Decisão do Tribunal Administrativo da Província de Tete
Resposta da Justiça Ambiental
O Tribunal Administrativo da Província de Tete proferiu o Acórdão nº 03/TAPT/2016; 29 de Fevereiro de 2016, que decide negar provimento e causa de pedir na acção da Justiça Ambiental. Resumidamente, alega este Tribunal que o Estado é parte ilegítima no processo porque o mesmo, ao celebrar o contrato mineiro com a JINDAL, transferiu da sua esfera jurídica o poder decisório, para além de direitos de fruição e os deveres inerentes para a esfera jurídica desta mineradora. Esta alegação é uma evidência de que o presente tribunal admite que o Estado não tem responsabilidades para com as famílias camponesas em causa no contexto do reassentamento pela actividade mineira em apreço. Além disso, alega o Acórdão que a Providência Cautelar de intimação para o comportamento deve ser proposta contra órgão administrativo, particulares ou concessionários que violem normas de direito administrativo ou direitos fundamentais ao abrigo do nº 1 do artigo 144 da LPPAC e que o Estado não é órgão administrativo, particular tampouco concessionário.
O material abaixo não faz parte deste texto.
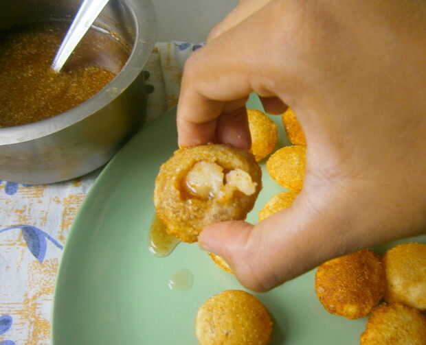 Verter algunos pani (agua) dentro. Ahora coloque el todo puri (bola) en la boca.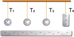 Birbirinden yeterince uzakta olan yükleri şekildeki gibi asılmıştır. Bu cisimlere alttan (-) yükle yüklenmiş olan bir çubuk yaklaştırılıyor.

No que diz respeito à JINDAL, resulta do Acórdão que esta empresa, embora parte legítima no processo em questão, está a levar a cabo o processo de reassentamento e de pagamento das compensações. Este Acórdão reconhece que as famílias camponesas em causa não foram reassentadas e vivem dentro da concessão mineira em que a JINDAL opera. No entanto, ao mesmo tempo, o Acórdão defende que a JINDAL está a levar a cabo o reassentamento e compensações das famílias afectadas, mas não demonstra quais os critérios e prazo para a sua
A Justiça Ambiental não concordando com a decisão proferida no Acórdão supra, por considerar infundada, contrária ao Direito e com significativas contradições, recorreu do mesmo para a Primeira Secção do Contencioso Tribunal Administrativo, em Maputo, no dia 16 de Março de 2016, O recurso –Nº25/2016/1ª – corre os seus trâmites legais, pelo que se aguarda uma decisão independente sobre o caso, em conformidade com a lei e a justiça. Conclusão Neste processo, o Estado Moçambicano goza de legitimidade passiva à luz da Constituição da República, conjugado com o disposto no nº 1 do artigo 144 da LPPAC, na medida em que é responsável pela protecção e garantia dos direitos e liberdades fundamentais e em nenhuma circunstância o Estado transfere estas responsabilidades para qualquer que seja a empresa ou entidade particular. Cabe ao Estado adoptar todas a medidas necessárias para garantir a efectivação dum reassentamento justo nos termos da lei e em tempo útil. O órgão administrativo de que se refere o nº 1 do artigo 144 da LPPAC constitui órgão do Estado. A actuação ou responsabilidades de um órgão do Estado é rigorosamente do Estado. Pelo que, a alegada ilegitimidade passiva do Estado no acórdão carece de fundamentos de Direito. Nos termos da Lei, a justa compensação e/ou reassentamento justo, por motivo de utilidade pública, conforme é o caso, deve ser feita em tempo útil e deve resultar na melhoria das condições de vida com a devido respeito pela dignidade humana.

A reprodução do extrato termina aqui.